Could the data below be copied exactly, minus the pictures?
——————————
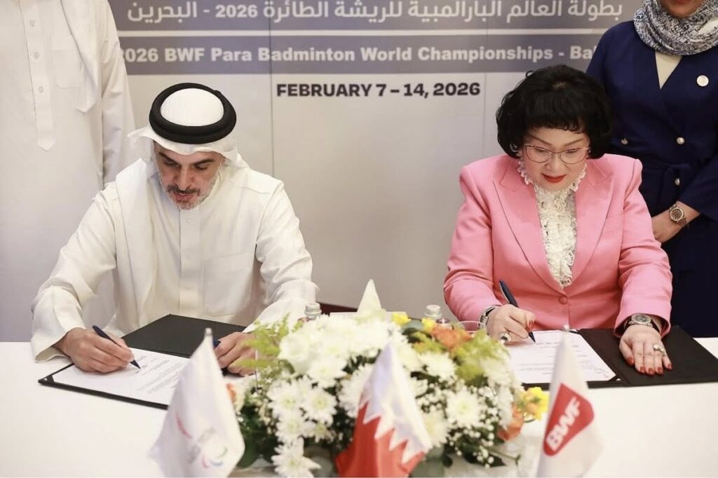 في إنجاز تاريخي للمنطقة العربية، أعلنت مملكة البحرين عن استضافتها لبطولة العالم البارالمبية للريشة الطائرة 2026، والتي ستُقام في العاصمة المنامة خلال الفترة من 7 إلى 14 فبراير 2026، لتكون بذلك أول دولة في الشرق الأوسط تنال شرف تنظيم هذا الحدث العالمي الكبير. وجاء الإعلان عقب توقيع اتفاقية الاستضافة بين سعادة الشيخ محمد بن دعيج آل خليفة، رئيس اللجنة البارالمبية البحرينية، والسيدة Khunying Patama Leeswadtrakul، رئيسة الاتحاد الدولي للريشة الطائرة (BWF)، وذلك بحضور عدد من ممثلي اللجان البارالمبية والاتحاد الدولي.
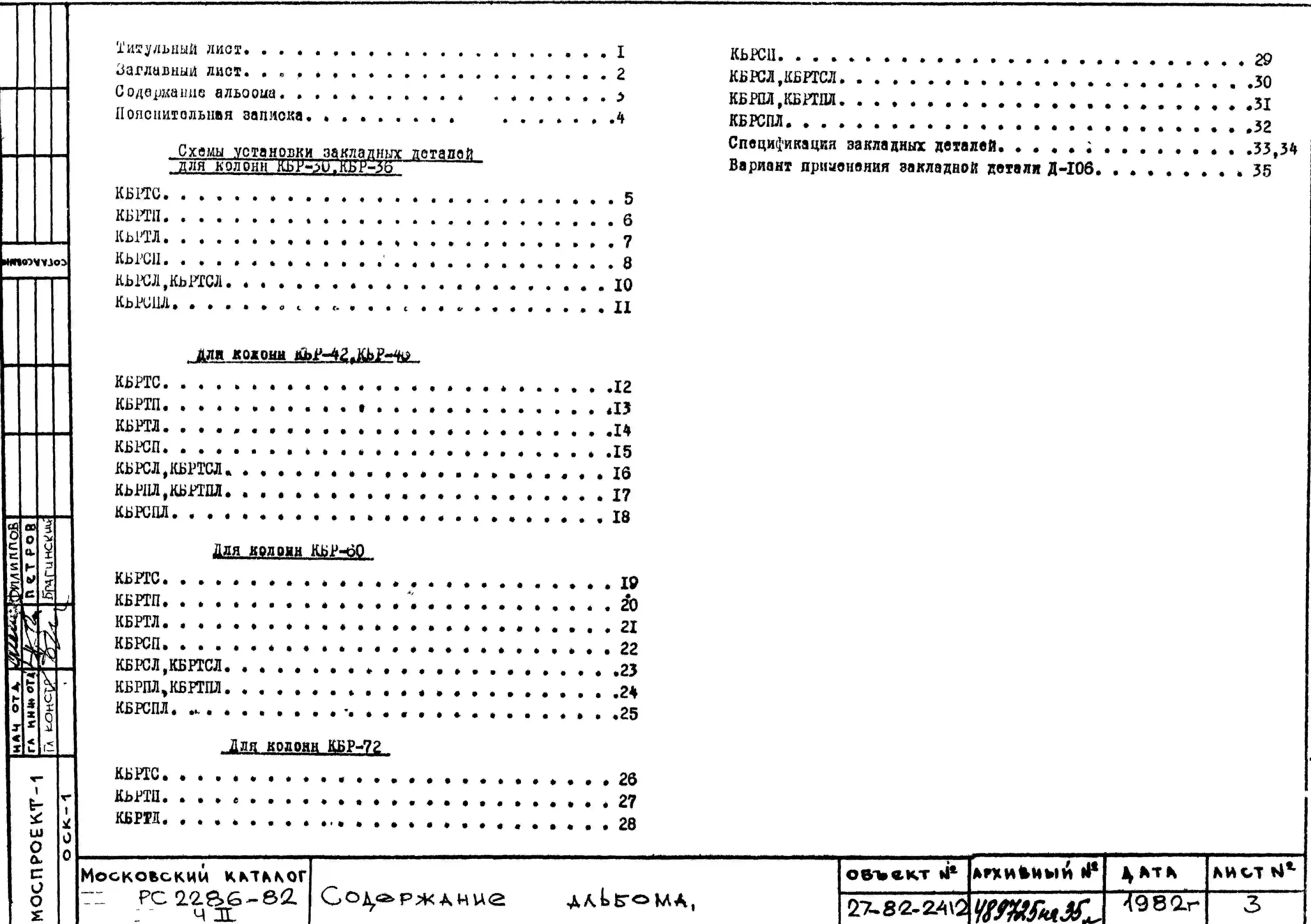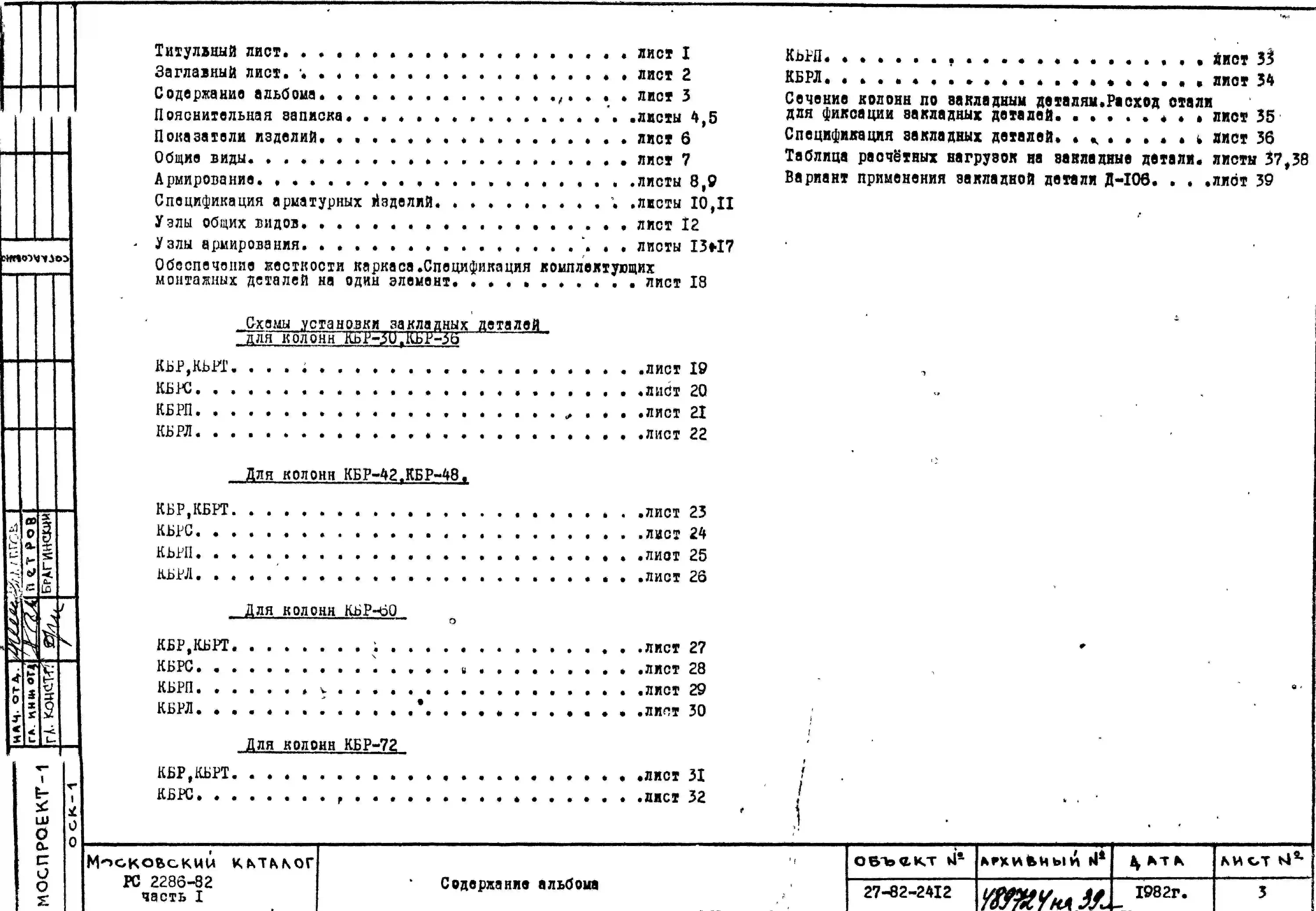 Шифр РС 2286-82 Колонны тяжелого каркаса рядовые одноэтажные (1979 г.)
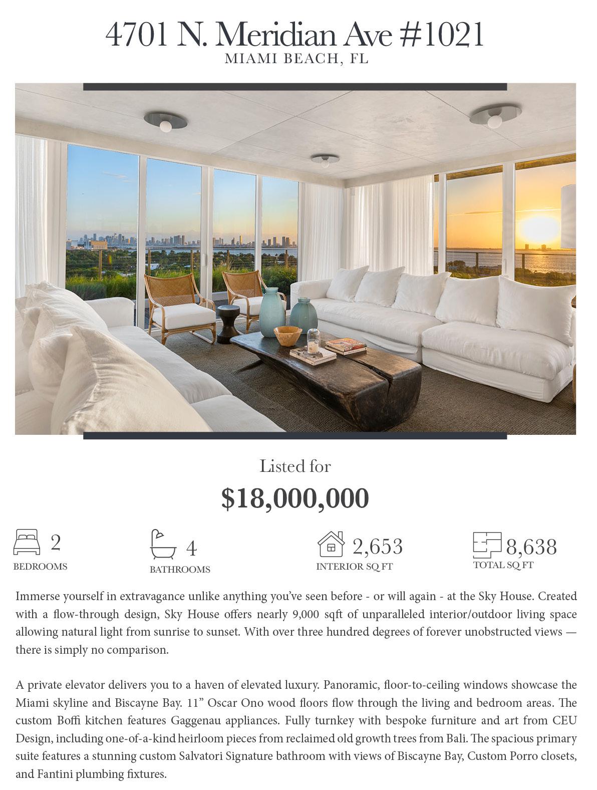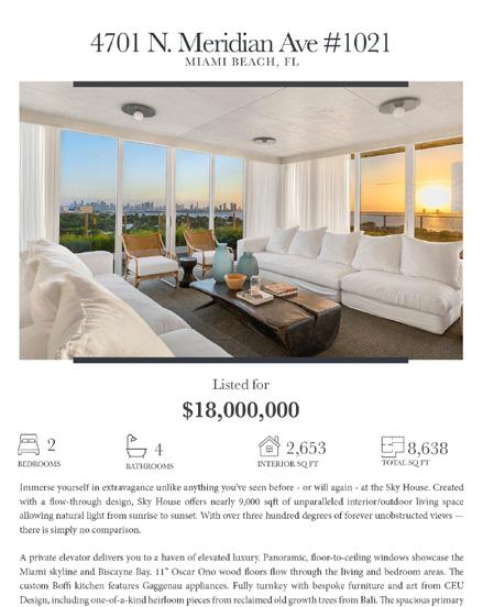 The Bristol MIAMI BEACH The Ritz-Carlton Residences #107 MIAMI BEACH The Ritz-Carlton Residences PH-21-24 MIAMI BEACH The Ritz-Carlton Residences PH-1 MIAMI BEACH $15,000,000 The Miami Beach EDITION #1402 MIAMI BEACH Surf Club Four Season S-405 MIAMI BEACH
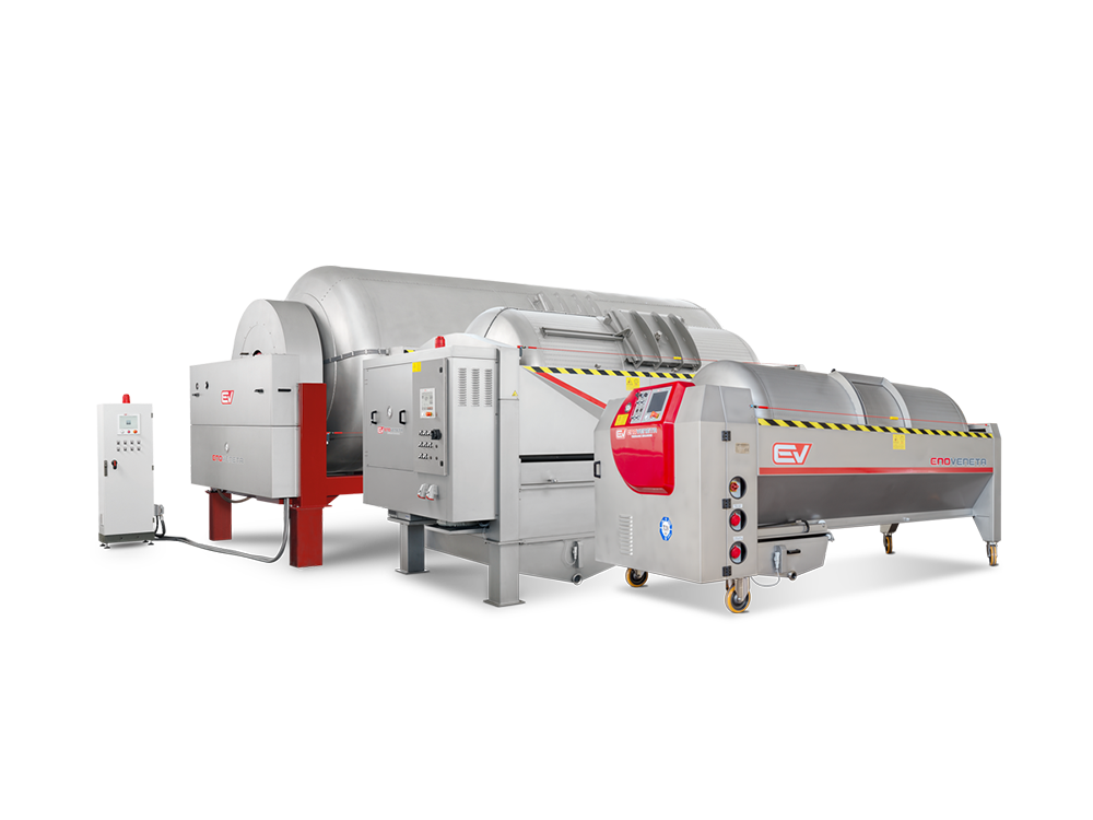 Pour la phase de pressurage Enoveneta propose une série de solutions technologiques qui vont des pressoirs hydrauliques aux pressoirs pneumatiques, à tambour ouvert et à tambour fermé. En outre, différents solutions sont également disponibles pour le transport du marc de raisin.
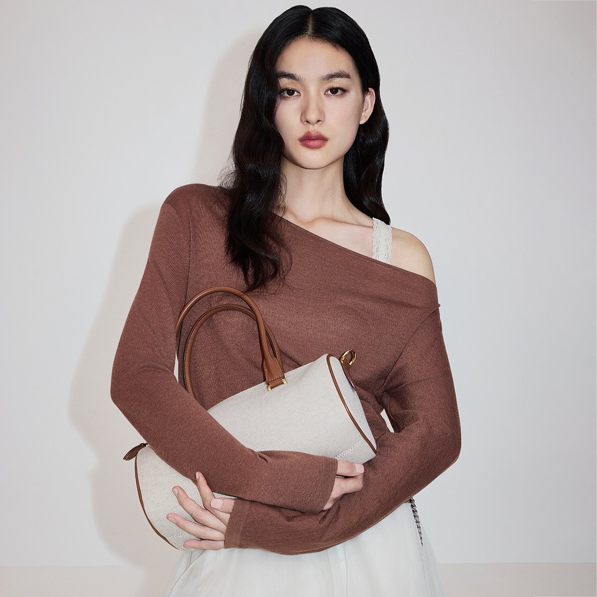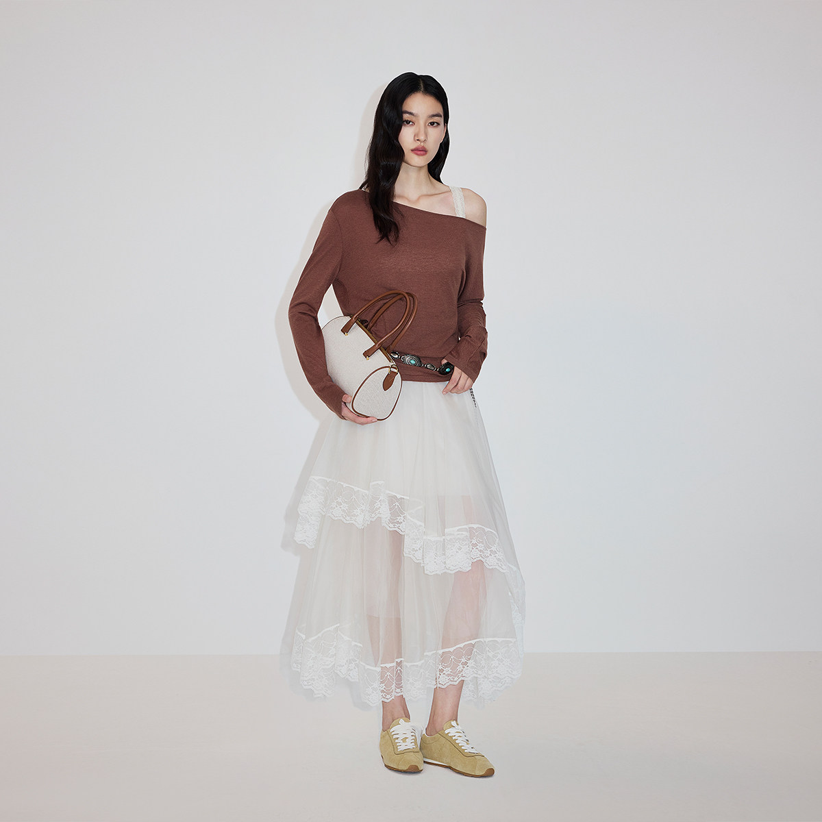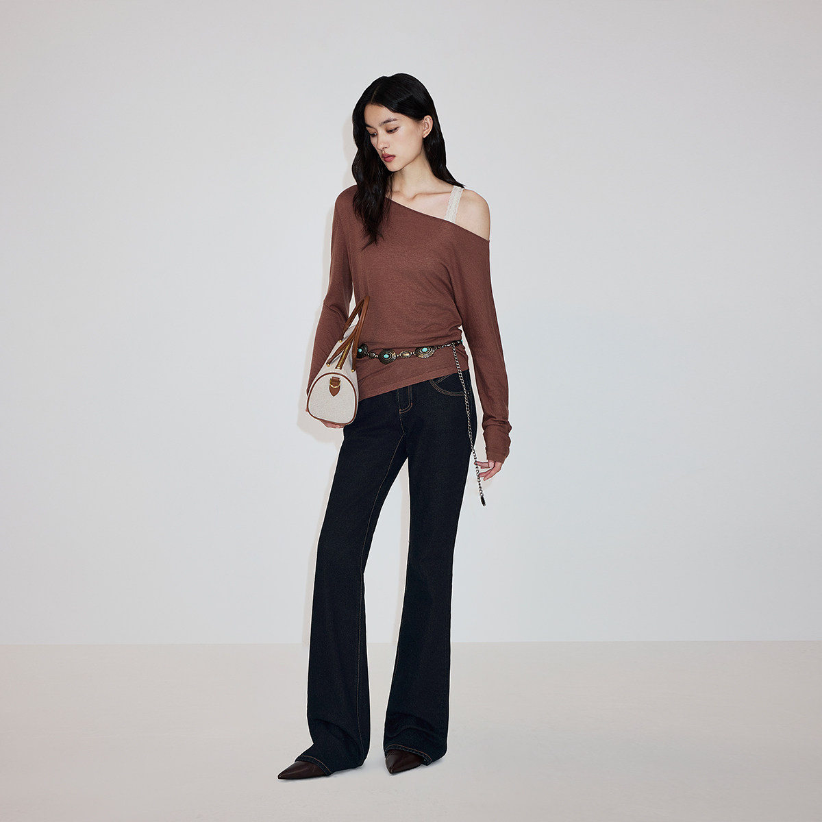 【新品】OCHIRLY欧时力 天丝羊绒醋酸斜肩轻薄针织毛衫女2026春季
——————————
» **SOLUTION TO THE PROBLEM**
 في إنجاز تاريخي للمنطقة العربية، أعلنت مملكة البحرين عن استضافتها لبطولة العالم البارالمبية للريشة الطائرة 2026، والتي ستُقام في العاصمة المنامة خلال الفترة من 7 إلى 14 فبراير 2026، لتكون بذلك أول دولة في الشرق الأوسط تنال شرف تنظيم هذا الحدث العالمي الكبير. وجاء الإعلان عقب توقيع اتفاقية الاستضافة بين سعادة الشيخ محمد بن دعيج آل خليفة، رئيس اللجنة البارالمبية البحرينية، والسيدة Khunying Patama Leeswadtrakul، رئيسة الاتحاد الدولي للريشة الطائرة (BWF)، وذلك بحضور عدد من ممثلي اللجان البارالمبية والاتحاد الدولي.
 Шифр РС 2286-82 Колонны тяжелого каркаса рядовые одноэтажные (1979 г.)
 The Bristol MIAMI BEACH The Ritz-Carlton Residences #107 MIAMI BEACH The Ritz-Carlton Residences PH-21-24 MIAMI BEACH The Ritz-Carlton Residences PH-1 MIAMI BEACH $15,000,000 The Miami Beach EDITION #1402 MIAMI BEACH Surf Club Four Season S-405 MIAMI BEACH
 Pour la phase de pressurage Enoveneta propose une série de solutions technologiques qui vont des pressoirs hydrauliques aux pressoirs pneumatiques, à tambour ouvert et à tambour fermé. En outre, différents solutions sont également disponibles pour le transport du marc de raisin.
 【新品】OCHIRLY欧时力 天丝羊绒醋酸斜肩轻薄针织毛衫女2026春季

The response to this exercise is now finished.